The following assumptions are made:

1. Air behaves like an ideal gas throughout the process.

2. The initial pressure will be equal to the atmospheric pressure at sea level, 1atm.

3. The temperature remains constant.

Taking into account the above, we can apply the Boyle-Marriote Law that relates the change in pressure and volume at constant temperature.
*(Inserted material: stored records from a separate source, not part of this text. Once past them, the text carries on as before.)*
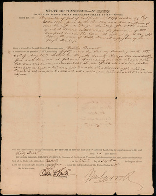 Land Grant to Westley Burnett in the State of Tennessee.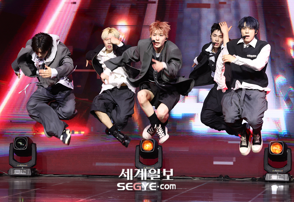 그룹 넥스지가 27일 서울 용산구 한남동 블루스퀘어에서 열린 싱글 2집 ‘Mmchk’(음츠크)의 쇼케이스에 참석해 열띤 공연을 펼치고 있다.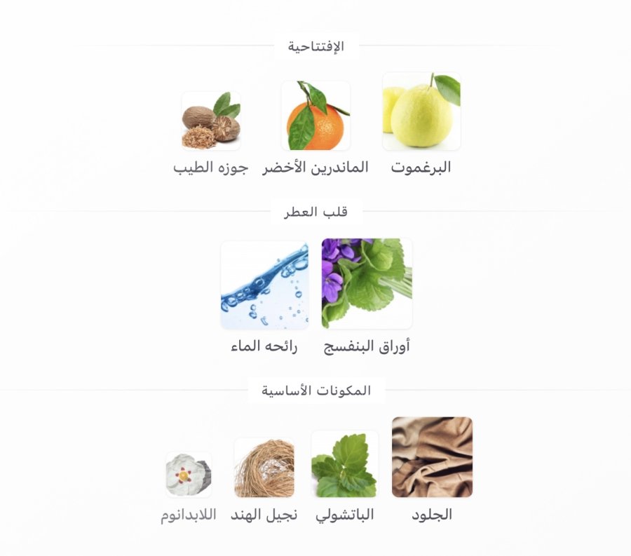 • القاعدة: الجلد 🖤، الباتشولي 🌿، نجيل الهند 🌱، اللابدانوم 🌿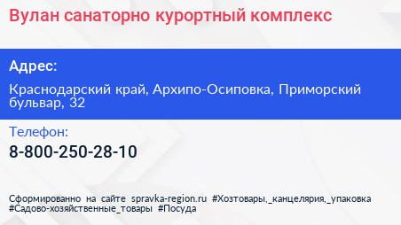 Вулан, санаторно-курортный комплекс по адресу Краснодарский край, Архипо-Осиповка, Приморский бульвар, 32 в дальнейшем Организация, размещена в следующих категориях:

The equation tells us:

`P_1V_1=P_2V_2`

Where,

P1 is the initial pressure, 1atm

V1 is the initial volume, 5300L

P2 is the final pressure inside the air tank, this is our unknown

V2 is the final volume, this will be calculated using the volume equation for a sphere:

`V_2=(4)/(3)\pi r^3`

r is the radius of the sphere, 63.0cm/2=31.5cm

So, the volume of the air tank will be:

`\begin{gathered} V_2=(4)/(3)\pi*(31.5cm)^3=13.1*10^4cm^3 \\ V_2=13.1*10^4cm^3*(1L)/(1000cm^3)=131L \end{gathered}`

We clear P2 and replace the known data:

`\begin{gathered} P_2=(V_1P_1)/(V_2) \\ P_2=(5300L*1atm)/(131L)=40.5atm \end{gathered}`

The air must be compressed at 40.5atm

Answer: 40.5